### Recorded data:

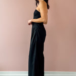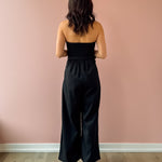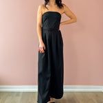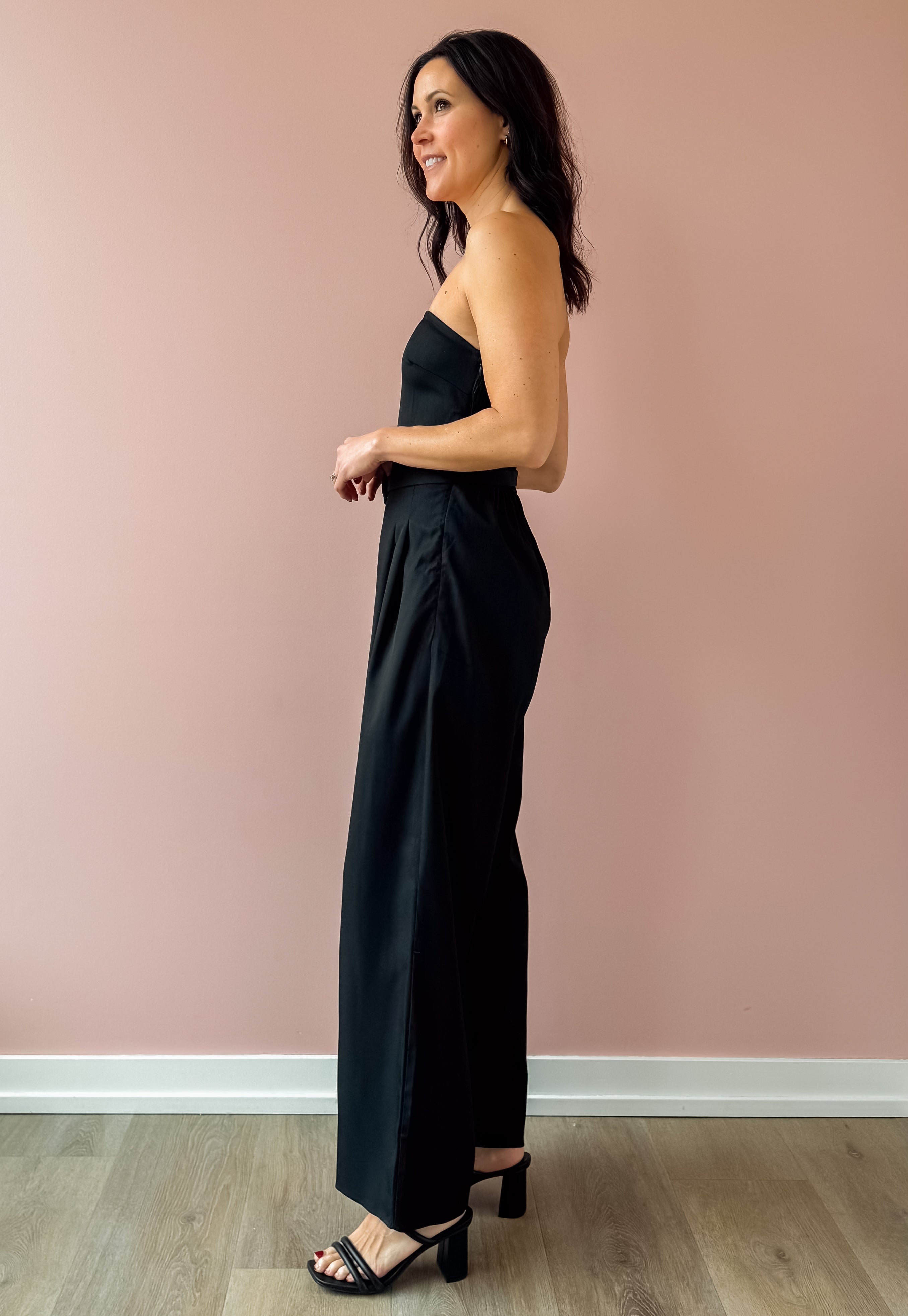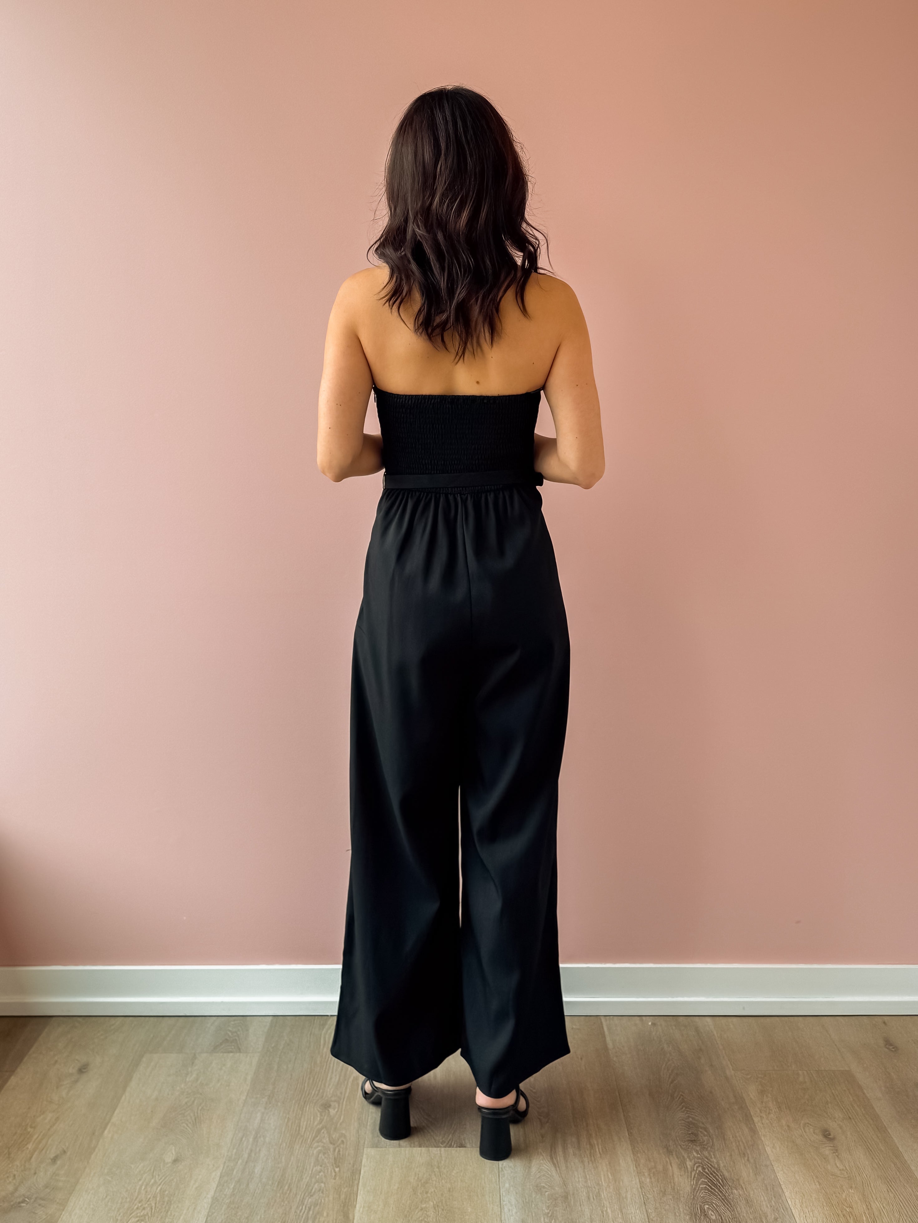 Make a statement in the Royale Tube Jumpsuit, a sleek black design that effortlessly transitions from day to night. The strapless silhouette and cinched waist belt create a flattering, defined look, while wide-leg pants offer comfort and movement. Pair with heels to elevate your style for any occasion—this versatile piece is your go-to for polished sophistication.
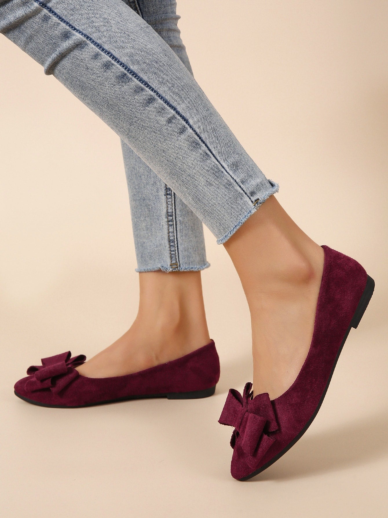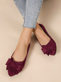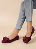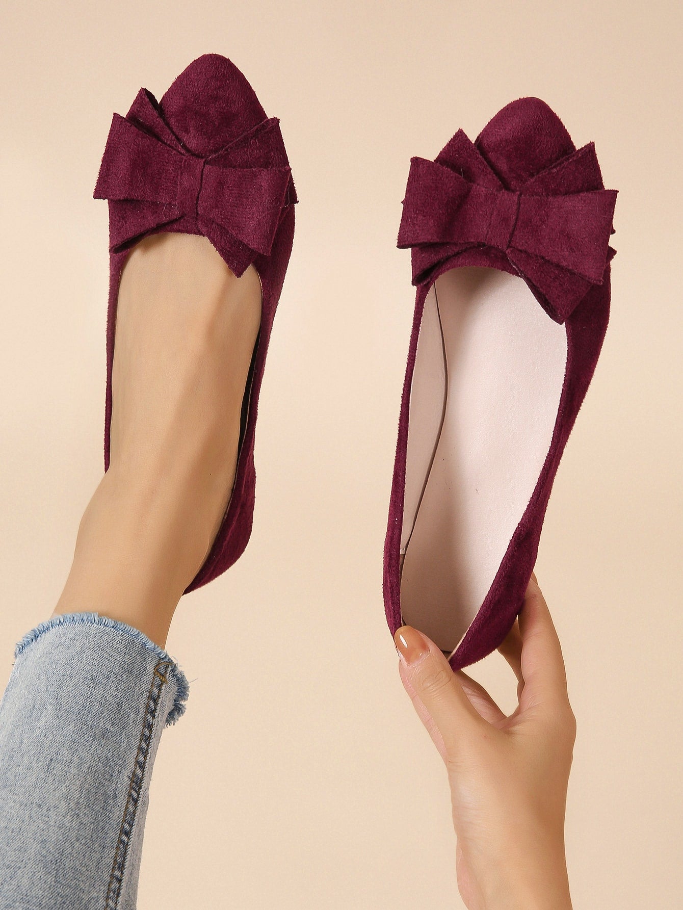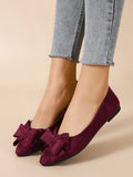 Burgundy Bow-Accent Pointed Toe Ballet Flats for Effortless Chic
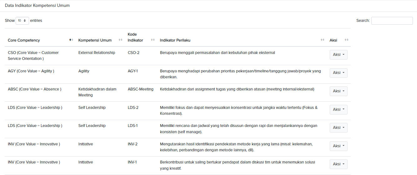 - • Tabel Data Kompetensi Umum – menampilkan jenis kompetensi umum yang dimiliki oleh masing-masing core point.
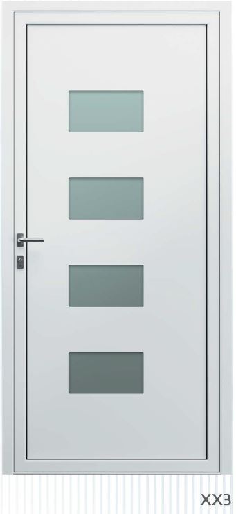 ​​​​​​Painel de porta composto por 2 chapas de alumínio de 2,5mm de espessura com poliuretano injetado entre ambas, à densidade de 120kg/m3, com ou sem vidro.
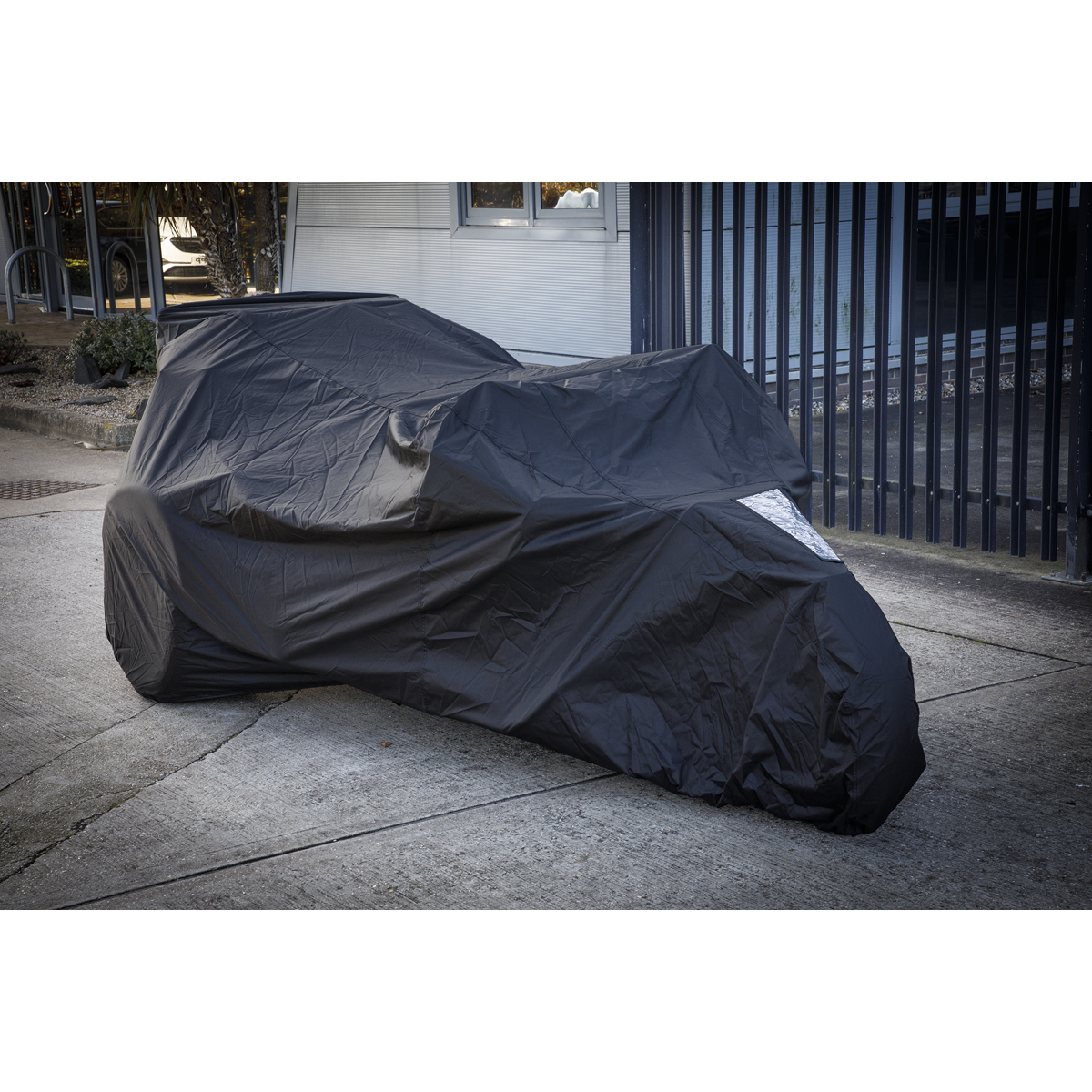 • Has a clear PVC pocket to accept Model No. SPP01 Solar Panel (requires Model No. SPP01.A Adaptor) to enable battery charging while cover is fitted to the motorcycle without the need for mains power supply.
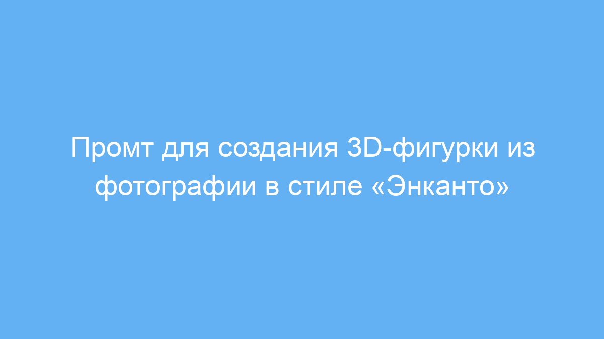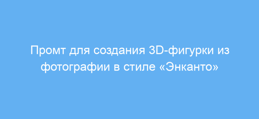 Этот промт предназначен для пользователей нейросетей, которые хотят получить 3D-модель пластиковой фигурки по своей фотографии, оформленную в стиле популярного мультфильма «Энканто». Он полезен для дизайнеров, создателей сувениров, маркетологов и любителей оригинальных подарков.
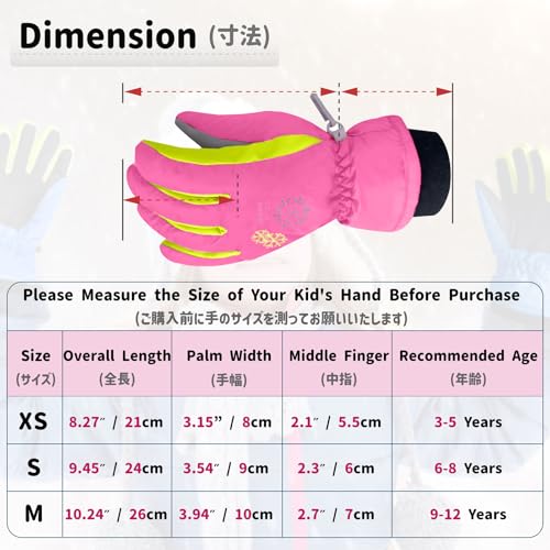 Three Sizes: Brightly colored gloves make them easy to spot and reduce the risk of losing them, with a 3D snowflake pattern for added seasonal appeal. Available in three sizes: XS for 3-5 year-olds, S for 6-8 year-olds, and M for 9-12 year-olds
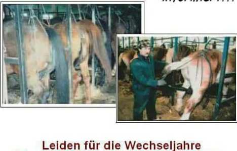 The estrogen-rich urine of pregnant mares (PMU = Pregnant Mare Urine) is a lucrative source of income for the 600 PMU animal factories.
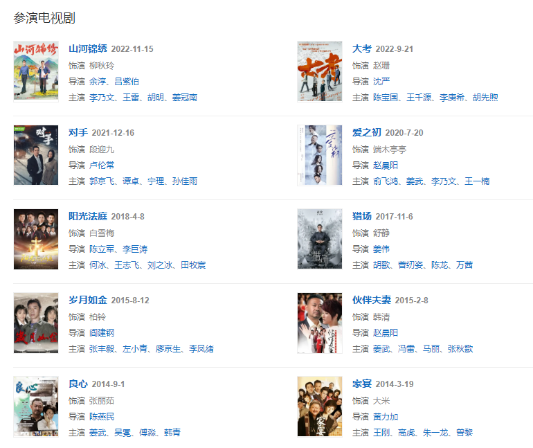 代表作品:借槍、滿秋、愛之初、萬箭穿心、紅十字方隊、愛情的牙齒、女人一輩子、盛先生的花兒、追捕野狼幫
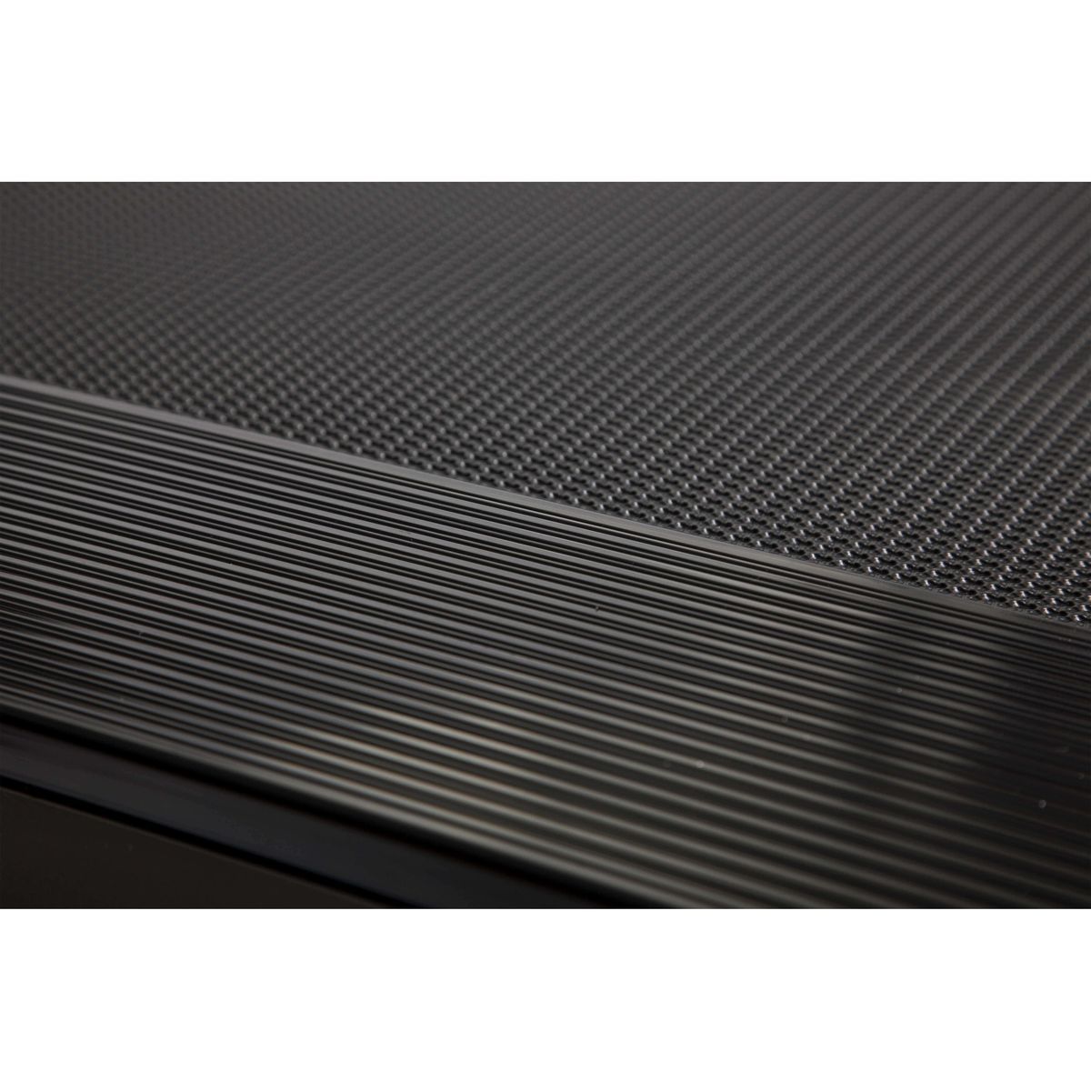 Беговое полотно из антистатического фактурного нескользящего материала толщиной 2,5 мм имеет оптимальную длину и ширину беговой области 1450 мм и 520 мм.
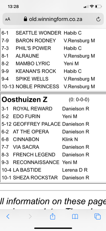 6 years 1 month agoZietsman Oosthuizen wrote: Thanx guys . Monday we getting going , no stablejock yet Elvis ... that blerrie Munger dont want to come back after his double on the weekend in Singapore
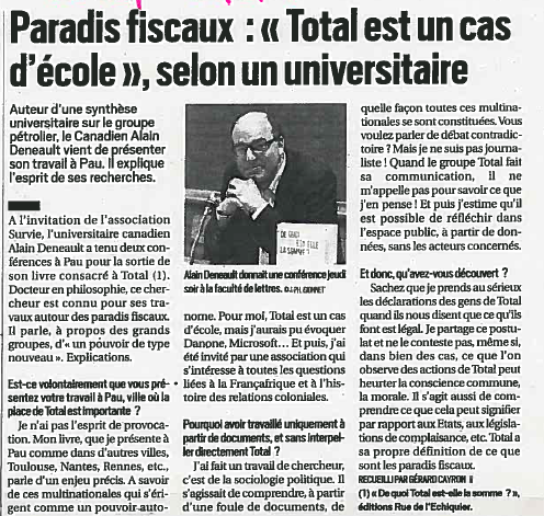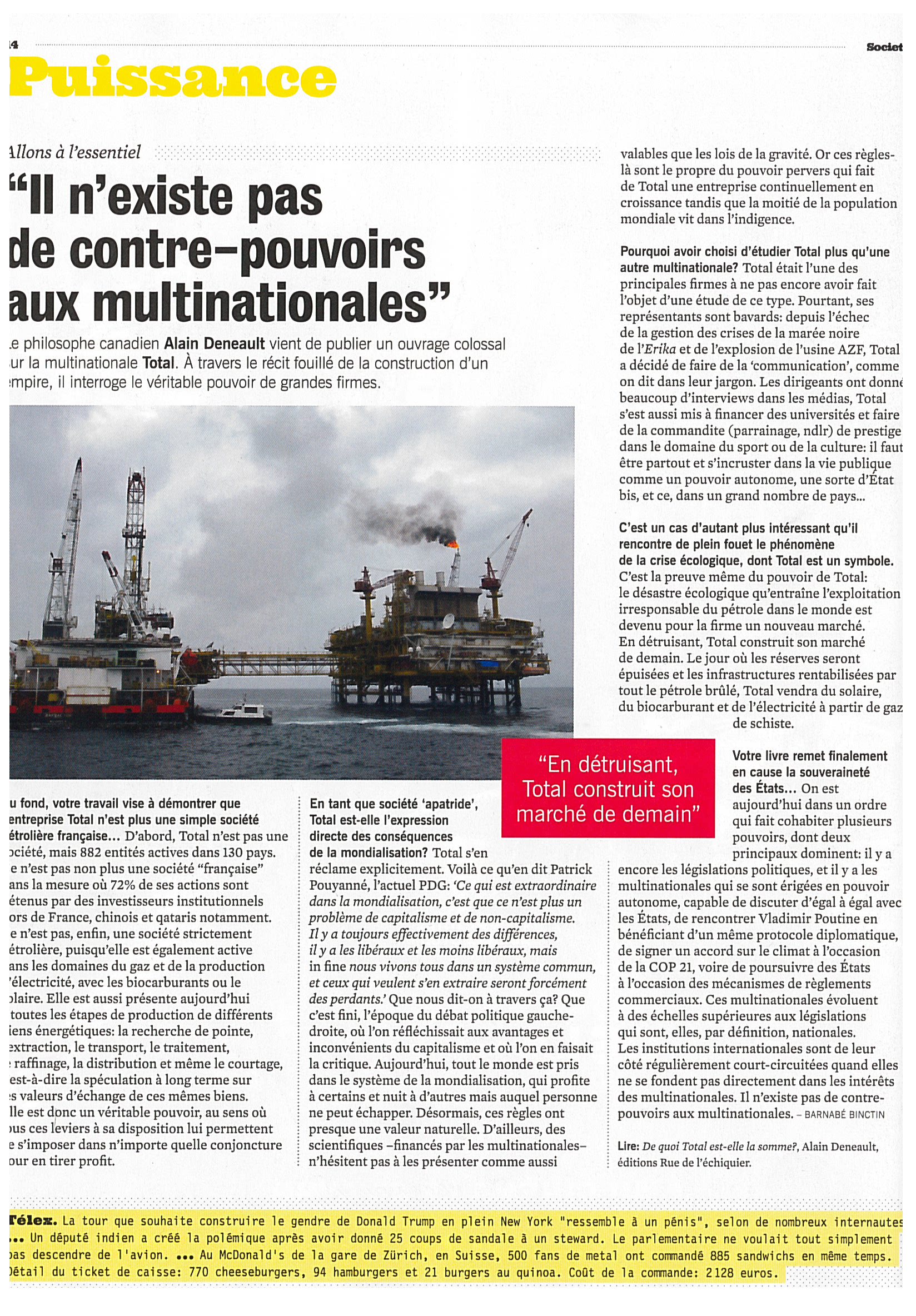 Ce qui est très loin de convaincre le philosophe québécois Alain Deneault, auteur d’un essai cinglant "De quoi Total est-elle la somme ?" (Rue de l’échiquier, 2017), pour qui cette stratégie est avant tout destinée à couper court à toute forme de critique. “Si vous donnez un petit peu d’argent à une association, si vous financez un musée, un programme patrimonial, une compétition de football, les bénéficiaires oseront moins mordre la main les nourrissant.”

### Task goal:
The answer should contain only the lines from the start of the records above through the line with "Этот промт предназначен", copied exactly, and no pictures.

### Answer to this exercise:
 Make a statement in the Royale Tube Jumpsuit, a sleek black design that effortlessly transitions from day to night. The strapless silhouette and cinched waist belt create a flattering, defined look, while wide-leg pants offer comfort and movement. Pair with heels to elevate your style for any occasion—this versatile piece is your go-to for polished sophistication.
 Burgundy Bow-Accent Pointed Toe Ballet Flats for Effortless Chic
 - • Tabel Data Kompetensi Umum – menampilkan jenis kompetensi umum yang dimiliki oleh masing-masing core point.
 ​​​​​​Painel de porta composto por 2 chapas de alumínio de 2,5mm de espessura com poliuretano injetado entre ambas, à densidade de 120kg/m3, com ou sem vidro.
 • Has a clear PVC pocket to accept Model No. SPP01 Solar Panel (requires Model No. SPP01.A Adaptor) to enable battery charging while cover is fitted to the motorcycle without the need for mains power supply.
 Этот промт предназначен для пользователей нейросетей, которые хотят получить 3D-модель пластиковой фигурки по своей фотографии, оформленную в стиле популярного мультфильма «Энканто». Он полезен для дизайнеров, создателей сувениров, маркетологов и любителей оригинальных подарков.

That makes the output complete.